Отца часто спрашивали, где и когда он успел столько всего прочесть и узнать. Я не сомневаюсь в том, что знание он принес с собой и легко достал изнутри, словно вспомнив в какой-то момент нужные имена и книги и начав за ними охоту по джунглям совдеповских библиотек, где они были столь же редки, как cyanopsitta spixif – попугай голубой ара. Так называемое «систематическое обучение» он, разумеется, презирал и университет бросил – кто и чему мог научить его в совдепе? «Если ты родился мастером, то стоит тебе прикоснуться к правильному материалу, как знание вспыхивает внутри». Это сейчас легко отыскать правильные книги, а в 60-е годы он двигался на ощупь и никогда не ошибался, как никогда не ошибается слепой, ощупывая незнакомый предмет и напрямую проникая в его качество и суть. Отец говорил, что стоит ему просто подержать книгу в руках, как он уже знает про нее все; впрочем, обычно достаточно и просто взглянуть на фамилию автора. Однажды, взглянув на фамилию Генон, отец сразу понял, что выудил бриллиант; он стал первым, кто открыл Генона в советском пространстве, и, читая «Царство количества», испытывал настоящее потрясение: неужели можно так мыслить, так писать об этом, так адекватно оценивать мир?
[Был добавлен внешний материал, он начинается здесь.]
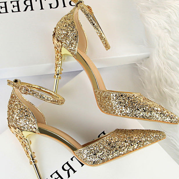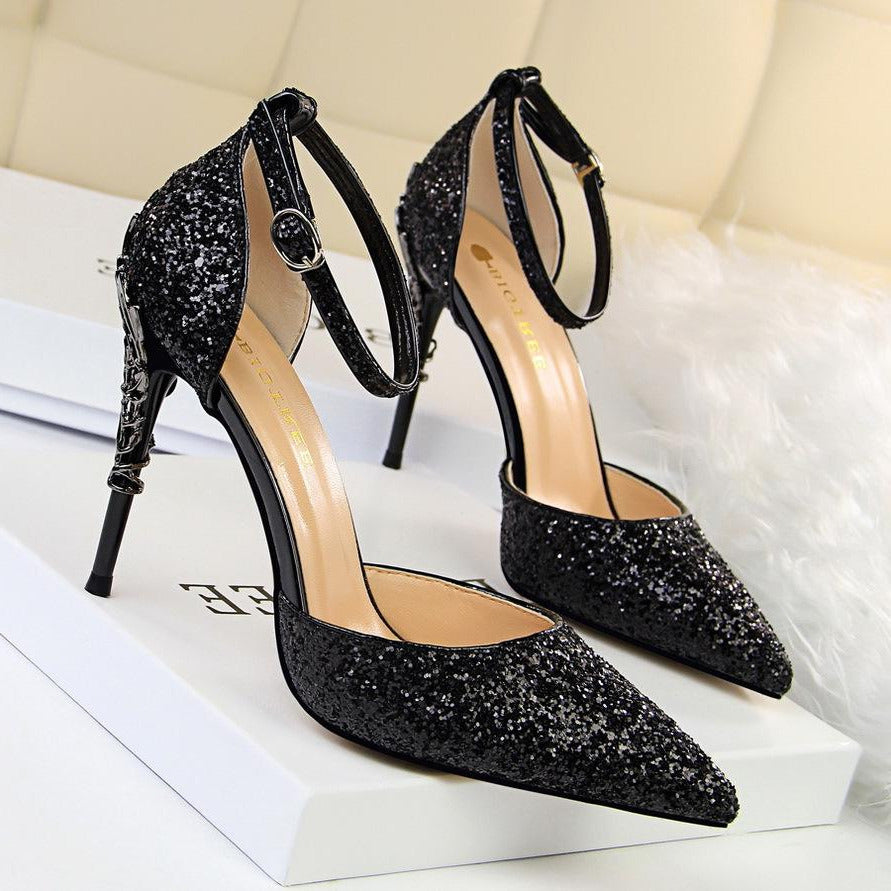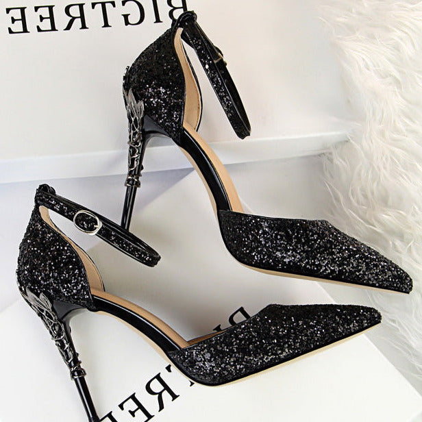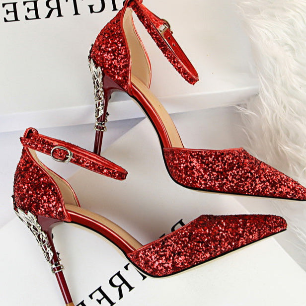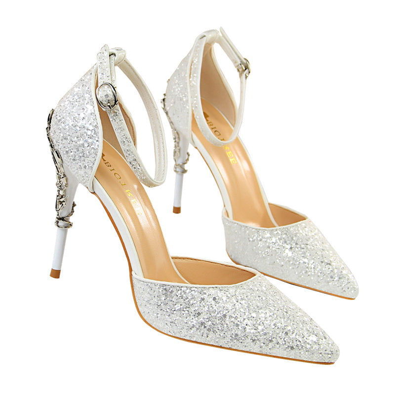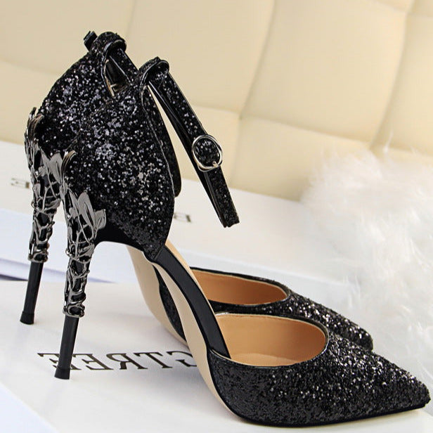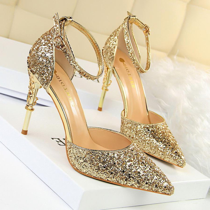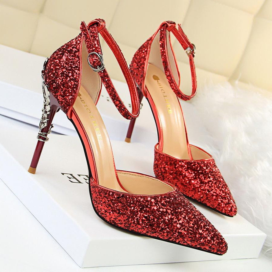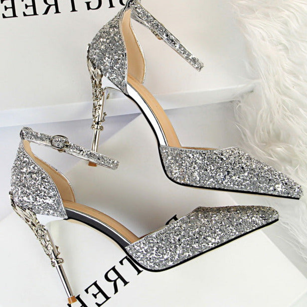Glitter Point Toe Ankle Strap Sandals

Списка своих учителей, как это принято, с выражением «признательности и благодарности» отец никогда не называл, потому что их у него никогда не было. Единственное одобрительное упоминание я слышала в адрес его школьного учителя словесности Сан Саныча; именно он дал наводку на библиотеку Иностранной литературы, и Женя там пропал. Каким-то образом ему удалось проникнуть в святая святых – в закрытый отдел, в спецхран, и на время он там практически поселился, обаяв тамошних сотрудниц. Но, в сущности, он учился у самого себя, годам к тридцати уже обзаведясь недурным кругом единомышленников и собеседников: Клагесом и Парацельсом, Джорджем Риппли и Александром Сетоном, Агриппой Нестенгеймским, Фулканелли и Канселье, многими другими. Он не читал и не изучал их, он существовал рядом с ними, разговаривал, иногда возражал, иногда соглашался, иногда хохотал, обожал подшучивать, перевирать их цитаты, смеяться над звериной серьезностью их адептов и последователей, мистифицировал профанов, просто в их обществе он чувствовал себя абсолютно свободно. Нисколько не уважал ученость, хотя многие завидовали его исключительной эрудиции; считал, что книги – последнее, где можно чему-то научиться, мертвые, пыльные, «прибежище бухгалтеров и счетоводов». Альтернатива? Вот, например, мы часто гуляли с ним в лесу. «Птицы живут в нескольких мирах, их голоса там и тут, слушай птиц. Слушай! Ты о многом догадаешься, поняв, почему иволга плачет, а малиновка смеется». Он говорил, что Парацельс о многом догадался, используя примерно такой же метод. Однажды под Москвой мы наткнулись на вырванный с корнем дуб: «Ну-ка скажи, почему сюда никогда не сядет ворон?» – «Сядет!» Он проверял, оказывается. Когда-то прочитав у Александра Сетона, что «ворон ненавидит вырванный с корнем дуб», отец сначала решил проверить, совпадает ли символическое выражение этой алхимической формулы с природными фактами, и в молодости наблюдал за вырванным с корнем дубом целую неделю. Воронов вокруг было, как обычно, полно, но ни одна из этих птиц не посмела приблизиться к дубу. Почему? Этого воп роса задавать было нельзя. Мир не связан причинными связями, он соткан из симпатий и антипатий, сближений и отталкиваний, совпадений и антитез.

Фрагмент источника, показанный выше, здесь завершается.